Recent years have seen a trend away from the buy to let investor with just a single property to the majority of landlords now holding a portfolio of several properties to let.
Indeed, a research paper published by the Council of Mortgage Lenders (CML) a few years ago revealed that 40% of all let properties in the private rented sector are owned by the 7% of landlords who own more than five buy to let properties.
Just as the title suggests, portfolio landlord insurance is designed to provide the umbrella insurance policy covering all of the properties owned by a single landlord.
If you insure each of the properties in your portfolio separately, every one of them is likely to have a different renewal date.
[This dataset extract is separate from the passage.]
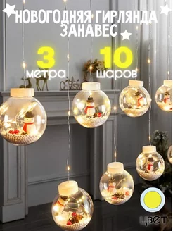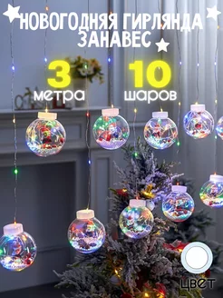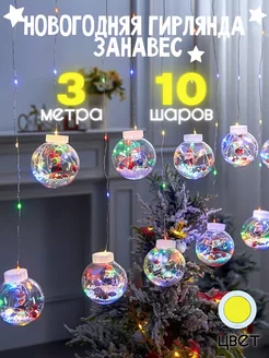 Новогодняя Гирлянда Шарики - штора светодиодная 3м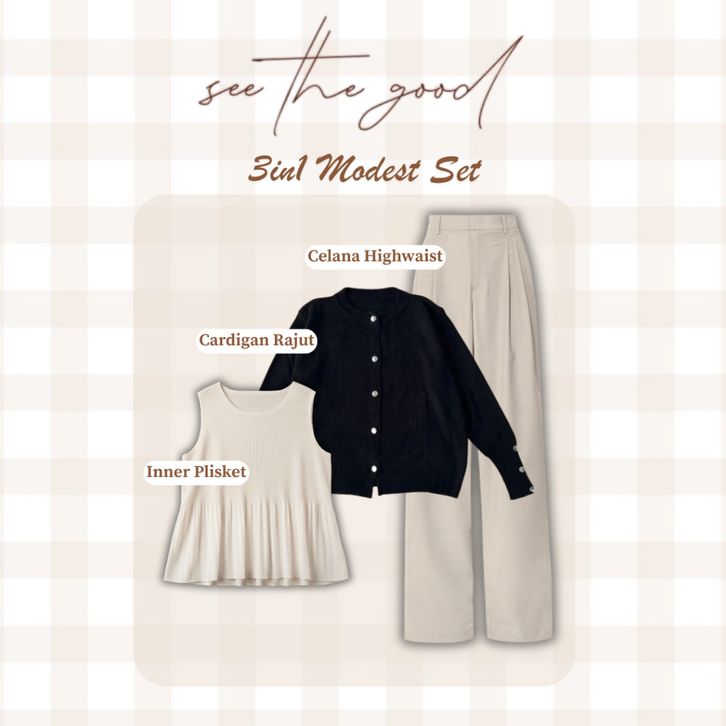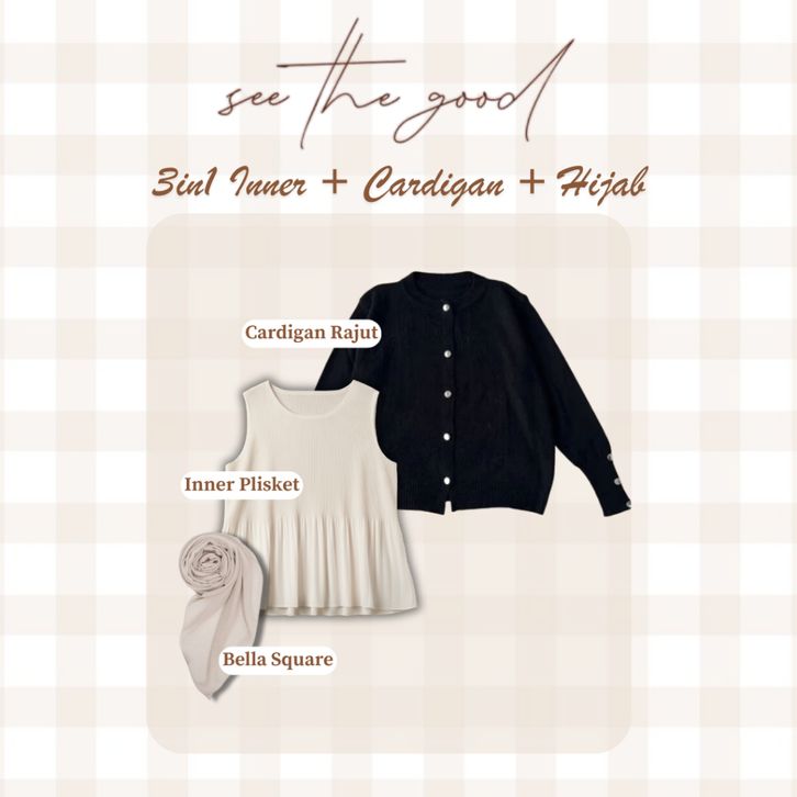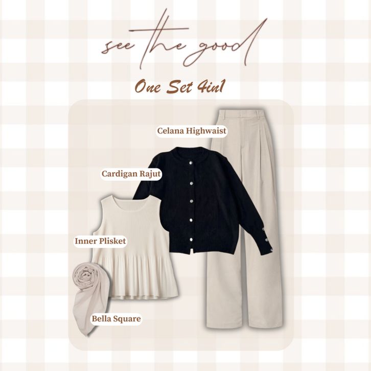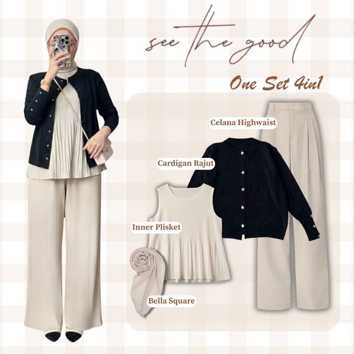 Setelan Baju Wanita Dewasa Kekinian Ootd 4in1 Oneset Cardigan Rajut + Celana Highwaist + Hijab Outfit Cewek Stylish

You then need to spend the administrative time and effort of carefully monitoring these dates throughout the year or run the risk of overlooking a critical renewal – and facing the consequences of an uninsured property if disaster strikes.
But portfolio landlord insurance not only saves you valuable time and effort in administrative costs, but it is also likely to offer significant discounts on the price of your premiums, compared to insuring each property separately.
What does portfolio landlord insurance typically cover?
- just as with any other form of property insurance, portfolio landlord insurance is designed to safeguard against the many risks of loss or damage the structure and fabric of all of the buildings in your portfolio;
- the risks are as diverse – and as serious – as, fire, explosions, flooding, impacts, storm damage, vandalism and theft;
- typically, the very worst-case scenario is anticipated in which everyone of your properties is struck by a major disaster, requiring each site to be cleared and new buildings to be constructed;
- any contents owned by you of the properties in your portfolio may also be covered by portfolio landlord insurance;
- the contents may be extensive and highly-valued – as in the case of any fully-furnished properties you let – or may be restricted to furniture and furnishings in common areas, lobbies and stairways only;
- the total contents sum insured may be adjusted accordingly;
Compensation for loss of rental income
- if the worst does come to the worst and one of your properties suffers a serious insured incident, it is likely to become temporarily uninhabitable, pending repairs and reinstatement, and you stand to lose the rent that was otherwise due;
- portfolio landlord insurance therefore typically provides for compensation – up to prescribed limits – for your loss of rental income in these circumstances;
Public liability insurance
- if you own a portfolio of let properties, you may face considerable public or landlord liability risks;
- if a tenant of any of your properties, one of their visitors, a member of the public or the owner of a neighbouring property suffers an injury or has their property damaged through an incident involving your property, they may sue for compensation;
- claims such as this may reach very significant sums, and it is common for portfolio landlord insurance, therefore, to incorporate at least £1 million – £5 million or even more – of public or landlord liability insurance.
If you own a portfolio of buy to let properties, therefore, you might want to save money, time and effort in safeguarding your investment with the help of portfolio landlord insurance.